One current USAID official based in Asia is pregnant.
She broke down in tears on the call, explaining how she doesn’t know what is going to happen to her family, worried that the administration is going to “abandon” her overseas or back in the U.S.
“I am among more than a dozen American families that are either on or planning obstetric medevac to deliver our babies. We have a nursery painted with a crib ready for our baby that has taken us three years of fertility treatments to conceive,” the official based in Asia said, her voice cracking with emotion. “Instead of nesting and planning for their arrival, we are unsure if Secretary Rubio and President Trump are going to abandon us overseas or abandon us when we land on American soil. We have been told there is no money to assist USAID families that are awaiting the arrival of our infants with resettlement in the U.S.”
“We have been using refugee resources from our churches and community groups that we usually use to help refugees from places like Syria and Afghanistan,” the official added. “We are using these resources to figure out how to land as close to on our feet as possible. Unless the tide of public opinion shifts, each of these families are going to arrive homeless, jobless and insurance-less within a matter of days, or possibly even hours, of stepping foot on American soil.”

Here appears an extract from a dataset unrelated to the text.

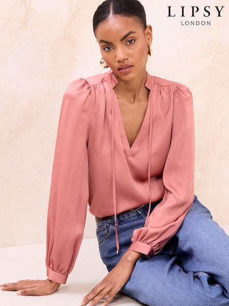 Lipsy Rose Pink Satin V-Neck Tie Blouse
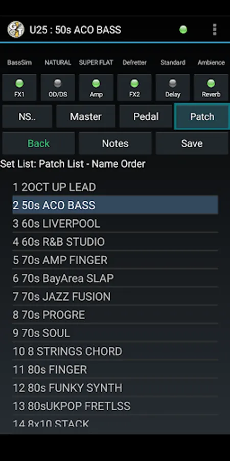 SetLists of songs, in order of performance, can be created - with each song ‘linked’ to the associated patch. As each song title in the list is tapped the corresponding patch is loaded into the GT-1B. Great for live performances.

The spouse of a current official in the Latin America region said their family does not have a home to return to in the U.S.
“My spouse has served in a war zone. We have school-aged children with typical challenges you would face in the U.S., but with not the resources you would have in the U.S., that we’ve had to manage, and we’ve been willing to move wherever is best for the agency,” this official explained.
“We worked across administrations with programs changing, growing, shrinking, and it’s a circumstance right now where we literally have focused our life on this USAID mission, and we do not have a home to go back to, which is quite typical of Foreign Service families, and we don’t know how we’re supposed to pick up and just leave,” the official added.
“How do you leave when you have not just family, not just school-age kids — you have pets, you have things, you don’t have a home to go back to, and you have a mission that you believe in and that you’ve supported for decades?” the official said. “And it’s just the rug pulled under you.”
Rubio said this week it is “not our intention” to uproot USAID families abroad despite the agency issuing a 30-day mandate for their return.